Copy out the data exactly as it appears, without a single image.

RECORDED DATA:
<<<<
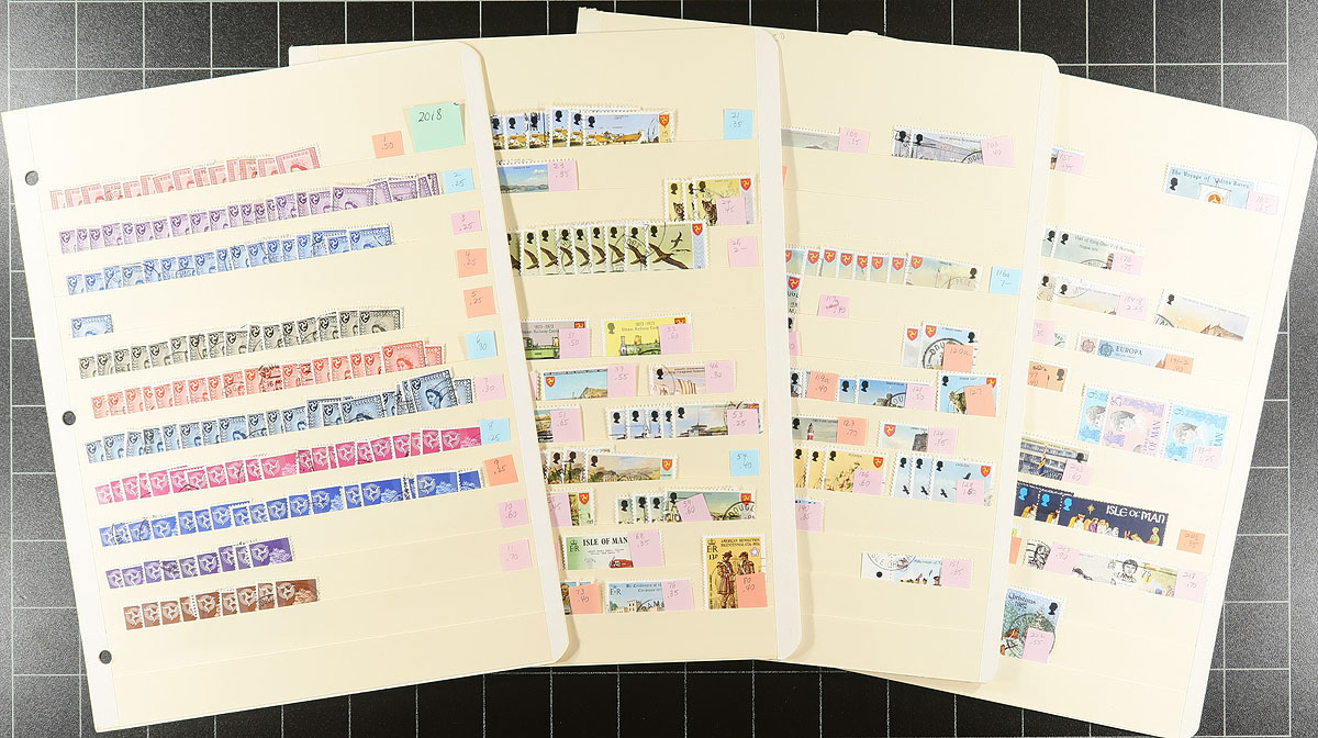 What differentiates this collector’s 32 manila stockpage duplicates from most holdings of IOM is (1) they all appear to be postally used and (2) coverage is strong into the early 21st century. There is substantial coverage throughout, including the many rates found in each of their issues. This is not the kind of material that can be single sourced. To top it off, the collector has meticulously organized everything and added tags with Scott numbers and (2018) catalogue values. Up to 20 of a type, thousands of stamps in total and substantial catalogue value. Don’t wait for the next one. Estimate =
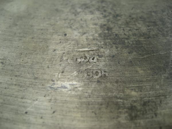 Trowa (East Germany) 16.8" crash cymbal. It's made from nickelbronze, has very fine, almost undetectable lathing and very abundant (but also not very pronounced) hammering, which appears to be done by hand. I bought it quite cheap in hopes of acquiring a decent secondary crash.
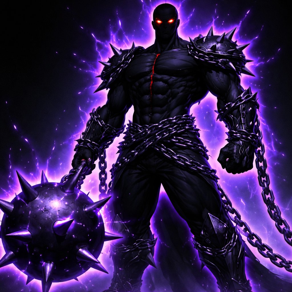 Buff, guy, pure black like the void looking like a smooth texture like marble but with no shine no nipples or weiner,pure red circle eyes with no mouth or ears or nose, he has a line that droops from his eyes straight down to the chin exactly stopping at the chin. He has a shoulder armour piece on is right arm that has a purple void-like outline on the black shoulder armour piece . He has a giant ball and chain . The chain has the same look as the shoulder piece with the purple outline and the armour look. The ball is made of the same as the armour piece too but each spike on the ball is made of the void purple stuff but on the ball it looks like purple plasma
>>>>
RESPONSE AREA:
 What differentiates this collector’s 32 manila stockpage duplicates from most holdings of IOM is (1) they all appear to be postally used and (2) coverage is strong into the early 21st century. There is substantial coverage throughout, including the many rates found in each of their issues. This is not the kind of material that can be single sourced. To top it off, the collector has meticulously organized everything and added tags with Scott numbers and (2018) catalogue values. Up to 20 of a type, thousands of stamps in total and substantial catalogue value. Don’t wait for the next one. Estimate =
 Trowa (East Germany) 16.8" crash cymbal. It's made from nickelbronze, has very fine, almost undetectable lathing and very abundant (but also not very pronounced) hammering, which appears to be done by hand. I bought it quite cheap in hopes of acquiring a decent secondary crash.
 Buff, guy, pure black like the void looking like a smooth texture like marble but with no shine no nipples or weiner,pure red circle eyes with no mouth or ears or nose, he has a line that droops from his eyes straight down to the chin exactly stopping at the chin. He has a shoulder armour piece on is right arm that has a purple void-like outline on the black shoulder armour piece . He has a giant ball and chain . The chain has the same look as the shoulder piece with the purple outline and the armour look. The ball is made of the same as the armour piece too but each spike on the ball is made of the void purple stuff but on the ball it looks like purple plasma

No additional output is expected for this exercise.